His clothes were tattered and his feet were in roller skates. His name was Longaille, a notorious thief.
And, at that particular moment, Longaille was lying in a coma in the ICU (Intensive Care Unit) of the local hospital.
“We’ve been moving from door to door for the past hour.
Strangely enough, nobody in this neighbourhood seemed to have heard anything.
Each door that we knocked on was opened by people yawning or rubbing their sleepy eyes!” On this baffled note, Inspector Margoze bid us goodnight.
Aunt Bobo locked the door leaving the iron rod in its corner for emergency purposes...like thieves. She was in her blue sleeping gear and her feet were shod into her famous pink socks. It was a cold winter night. However, in her haste, she had tiptoed to the door without her bedroom slippers. Her sharp eyes wore a distant look for a fragmentary second.
Then, they lit up like
two bright bulbs.
She looked at me as if she had discovered a new continent and murmured, “Intruders can’t even sniff around. We have neighbourhood watch here!”
So saying, she rushed to the telephone cubicle (where the lone phone sat on its desk. This phone cubicle ensures privacy to callers.) Within a second her fingers were feverishly dialling a number. Listening to others’ conversations is not in my nature, so I made a move…but Aunt Bobo stopped me.
Alas, I tried to block my poor ears from loafing around the
telephonic conversation. My mind reverted to the police inspector’s expression when he saw Aunt Bobo’s powerful personality and the pink socks. (Aunt Bobo can look intimidating at times but she is actually extremely generous and soft-hearted!) I was unable to suppress a smile. Snatches of Aunt Bobo’s telephonic conversation floated to my ears despite my unwillingness to hear. “Whaaaaat? Oh…I see…Wheennn? hmn…Is thaaat so?...ook..”
Finally, she replaced the receiver in its cradle and marched into the sitting room. Her expression spoke volumes. I could see that she was in a haste to share the information with me.
I
t seems that the notorious Longaille had unfortunately picked this neighbourhood to loot. As it was Saturday night, he was confident that most residents would either be out or too engrossed in suspense and action movies on television to bother about any real action taking place around.

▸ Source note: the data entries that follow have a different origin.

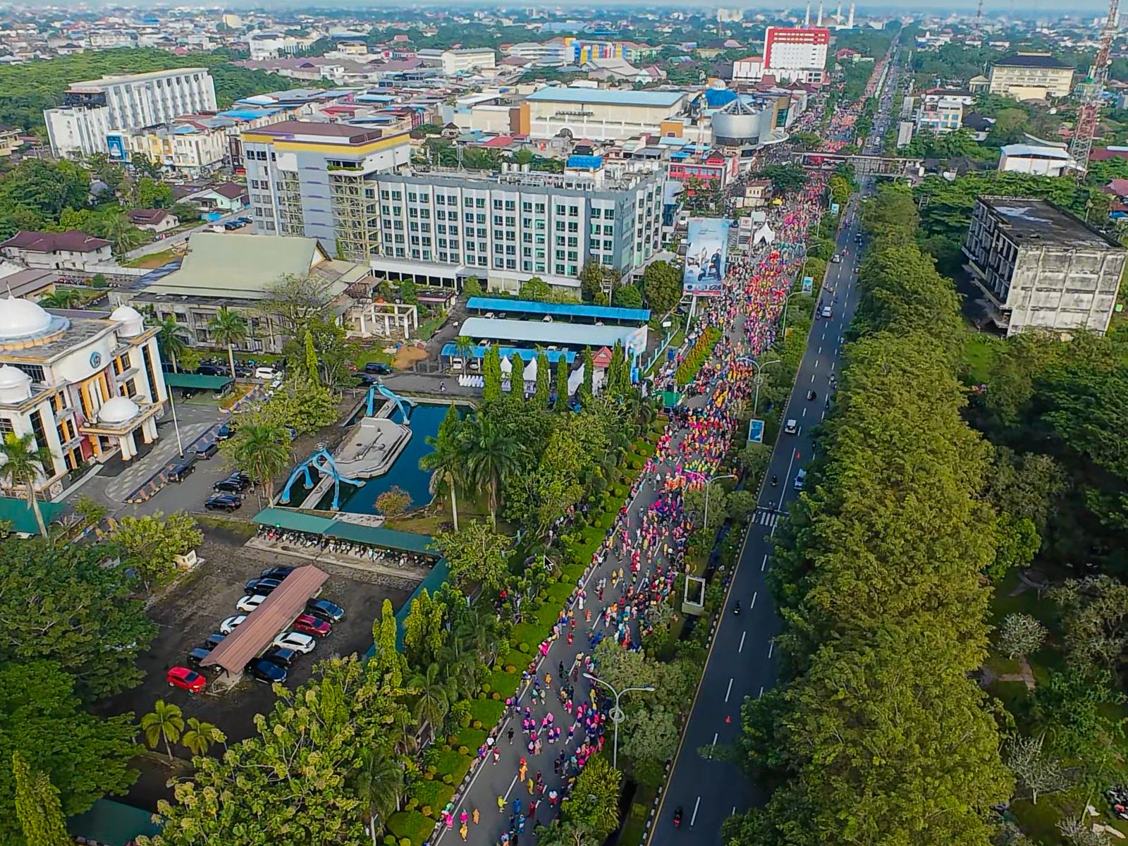 Jumlah peserta yang memadati ruas jalan dari depan Polda Kalbar, hingga persimpangan Kantor Pelayanan Pajak (KPP) Pratama sepanjang empat kilometer ini, berhasil mencetak rekor dunia Museum Rekor Indonesia (MURI).
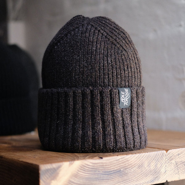 The Idle Torque ribbed beanie is an improved version of the original lambs wool beanie with 50% more wool content and is seamless 3D knitted. Like all the Idle Torque wool garments these beanies are manufactured here in Leicestershire.
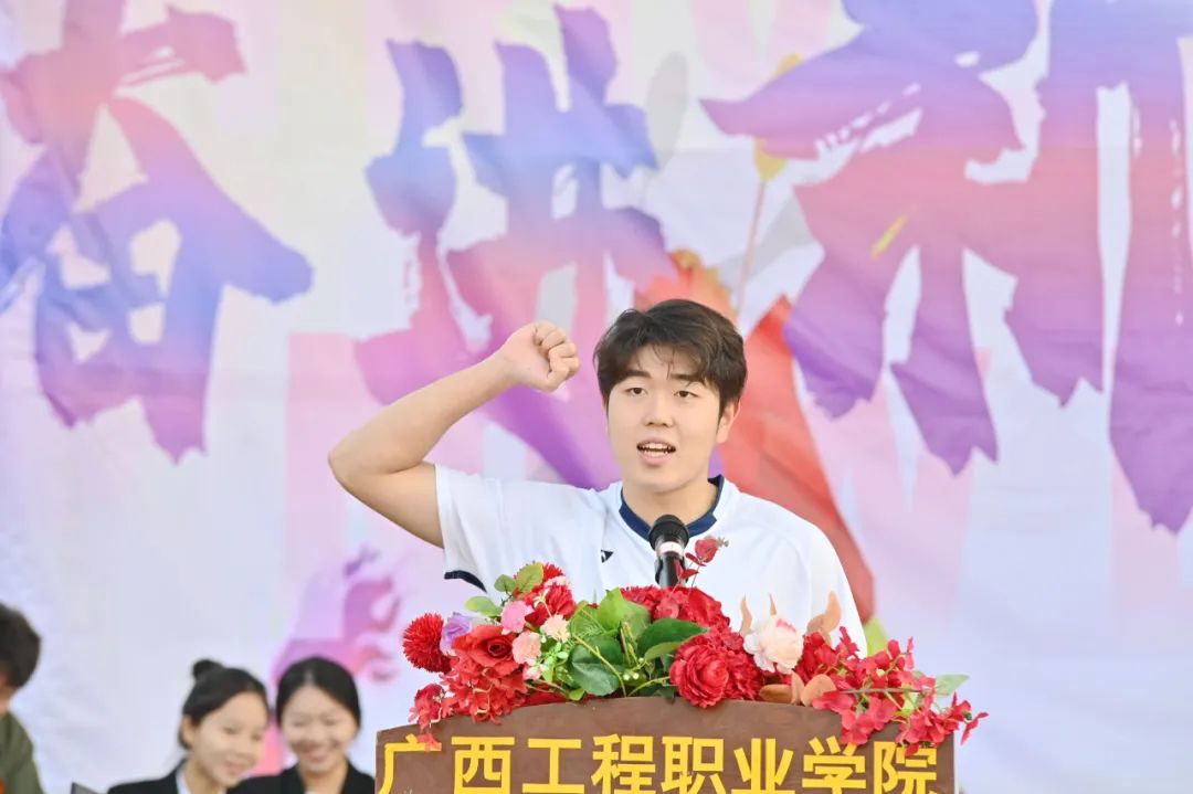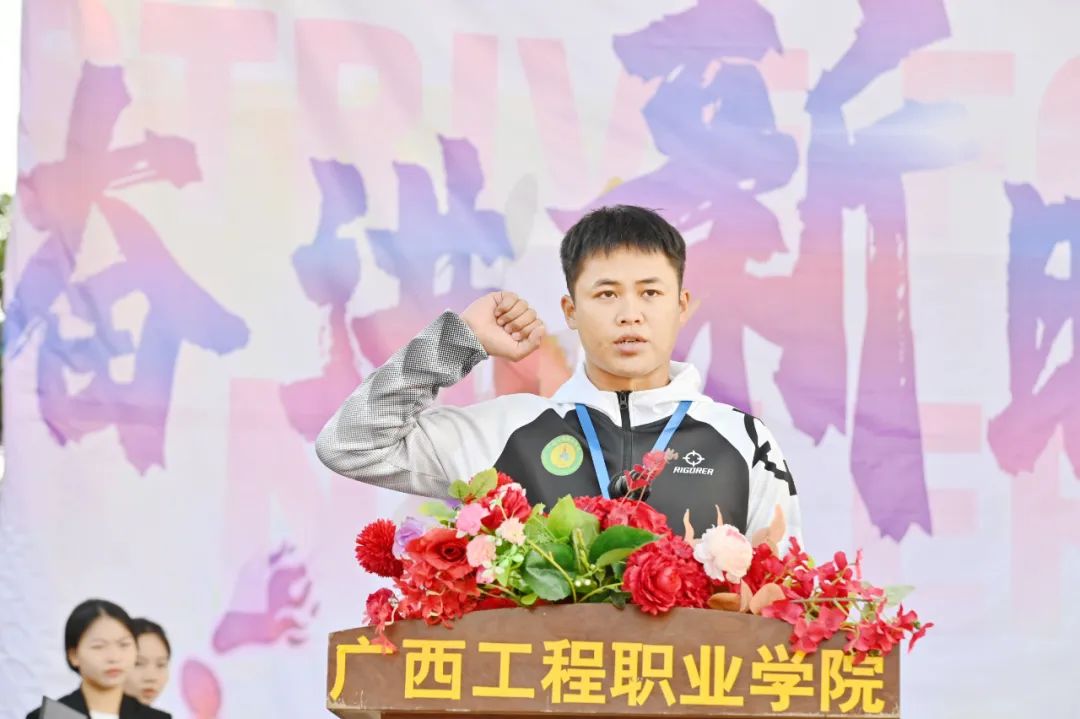 运动员代表土木工程学院2022级王钊轩同学宣誓,表示全体运动员将以积极、饱满、热情的态度参加本次运动会,弘扬更快、更高、更强的奥林匹克精神,在比赛中,服从裁判,服从指挥,遵守纪律,遵守规则;尊重裁判,尊重对手;团结协作,勇于拼搏;友谊第一,比赛第二;赛出风格,赛出水平。

Longaille wore roller-skates for faster action in case of unexpected danger.
Little did he know that the short arm of this neighbourhood
was faster than his roller-skates. Somebody sounded off the alarm and the chase was on. His roller-skates were of no help. Some of the swift-legged residents caught the thief and thrashed him till Longaille was forced to yell “POLICE…HELP!”

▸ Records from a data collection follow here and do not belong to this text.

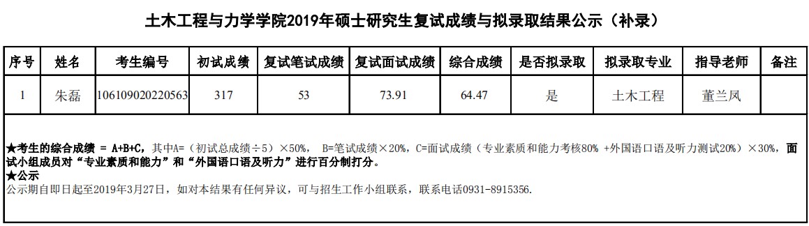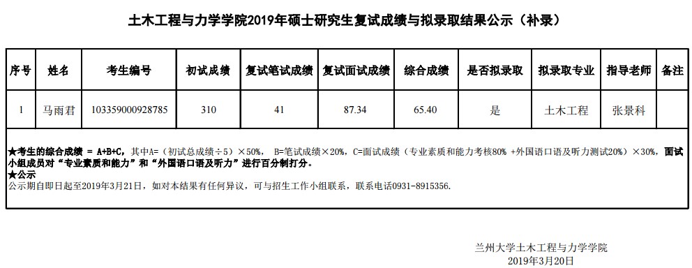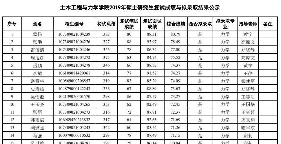 据悉,土木工程与力学学院2019年硕士研究生复试成绩与拟录取结果公示已公布,聚创兰州大学考研网小编为你整理如下内容:
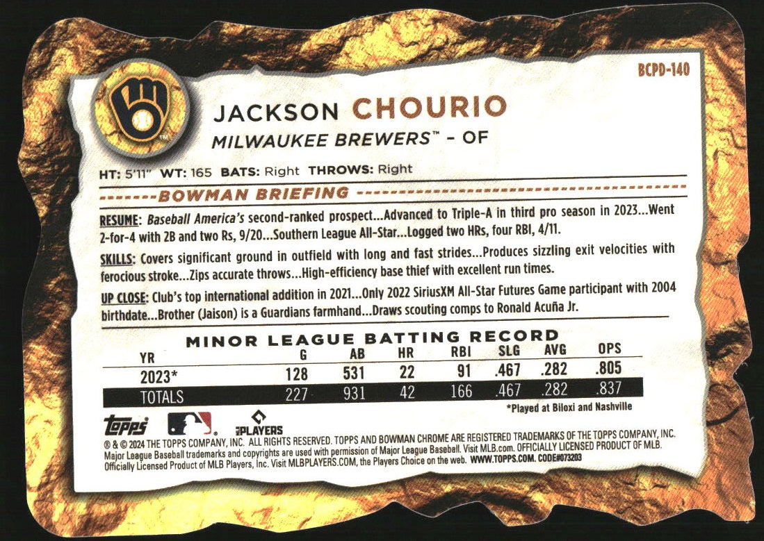 2024 Bowman Chrome Special Die Cut Variations #BCPD-140 Jackson Chourio /49
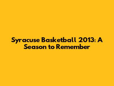 The 2013 Syracuse Orange basketball season was a thrilling ride, guys! It's a year that's etched in the memories of Syracuse fans everywhere. This deep dive explores everything that made this season so special, from key players and unforgettable games to the overall impact it had on the program. So, buckle up and let's take a trip down memory lane!
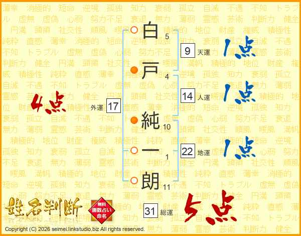 白(5画)戸(4画) 純(10画)一(1画)朗(11画)
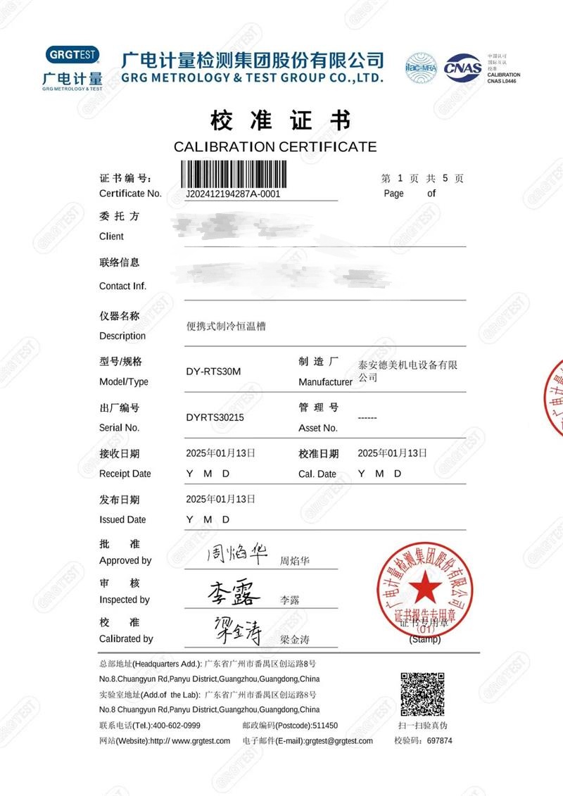 | 上一條:便攜式制冷恒溫槽(-30-105℃)校準(zhǔn)證書 | 下一條:便攜式干體爐(-30-150℃)校準(zhǔn)證書 |
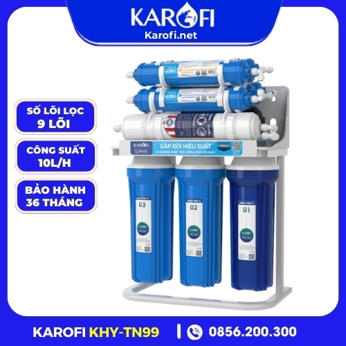 Máy lọc nước Karofi KHY-TN99 tạo nguồn nước tinh khiết chuẩn đóng chai, bổ sung hàm lượng lớn khoáng chất, Hydrogen dồi dào sẽ chăm sóc sức khỏe toàn diện cho bạn và cả gia đình 24/7.
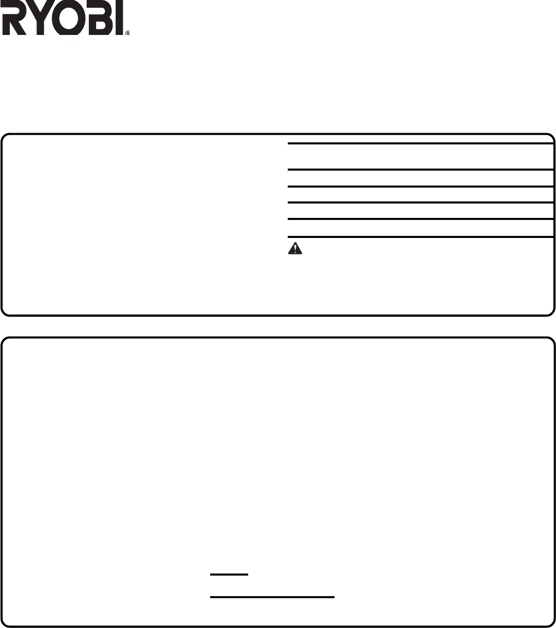 simply contact your nearest Ryobi Authorized Service Center. Be sure to provide all
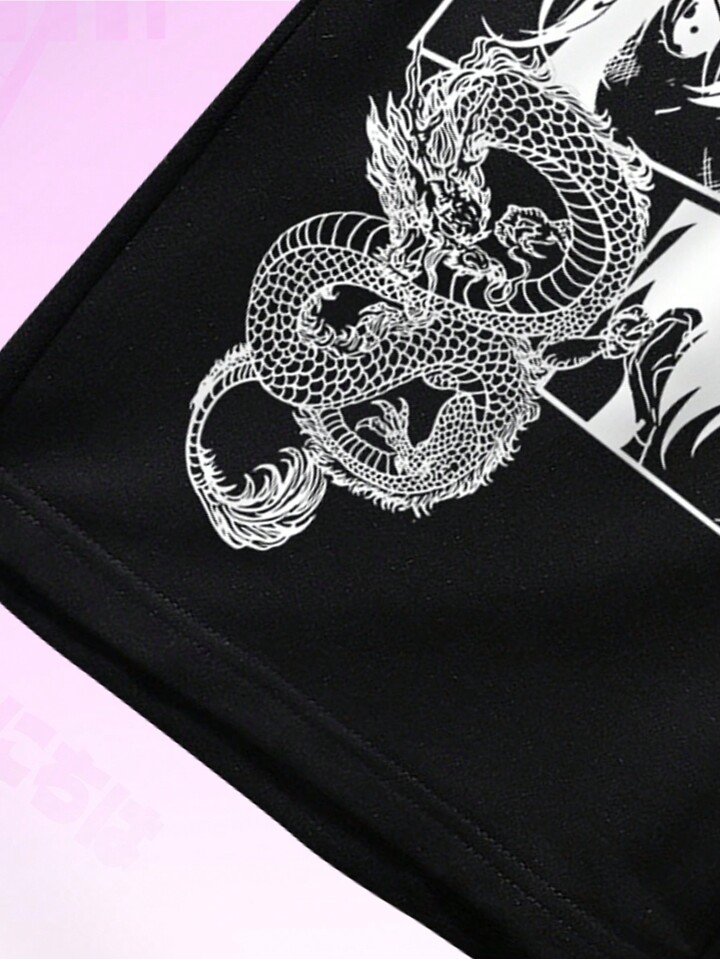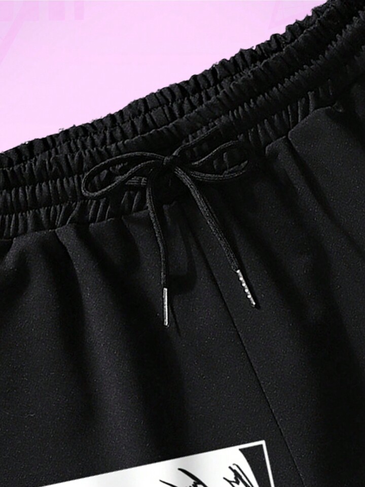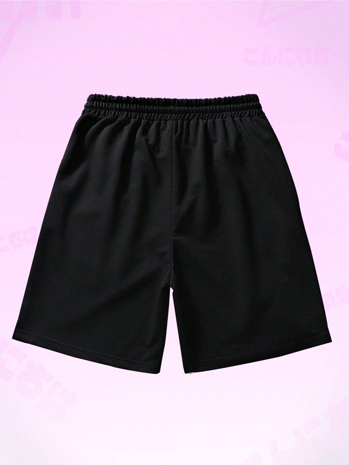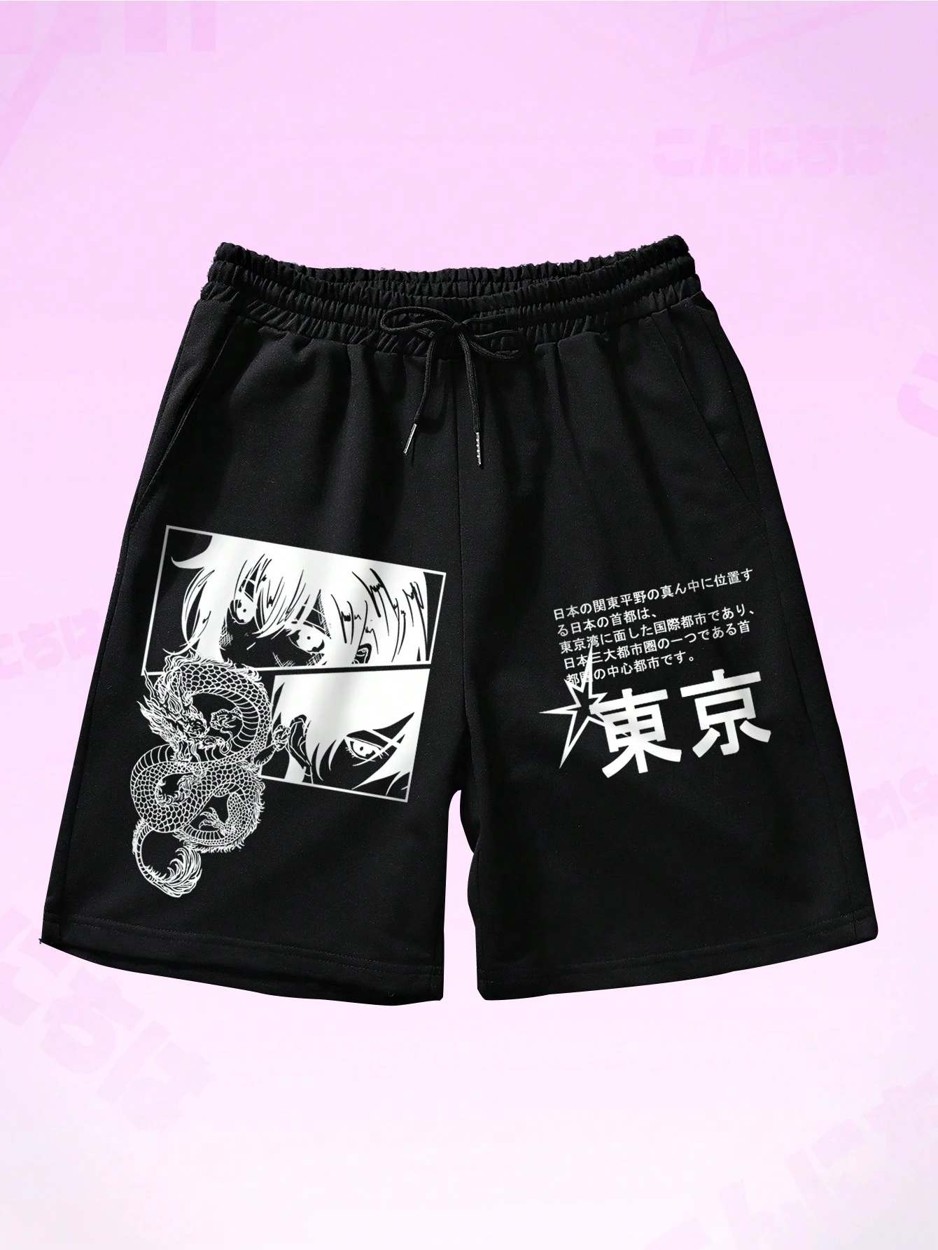 Anime Guys Japanese Letter & Figure Graphic Drawstring Waist Shorts

But the enraged residents did not spare the intruder. Utterly weak by the beating, our thief sank on the road.
Not realizing the gravity of the situation, the inhabitants
sought the safety of their homes.
By the time the police siren was blaring,
they were snuggled in their warm beds. The pounding on the door sought each one in their sleeping gear, disheveled, and yawning. Nobody had any information for the police, but within minutes the news had spread like wild fire in the neighbourhood, the neighbouring towns and the villages as well. After all, Mauritius is a small island.
No thief has ever dared set feet in Aunt Bobo’s neighbourhood after that lethal night!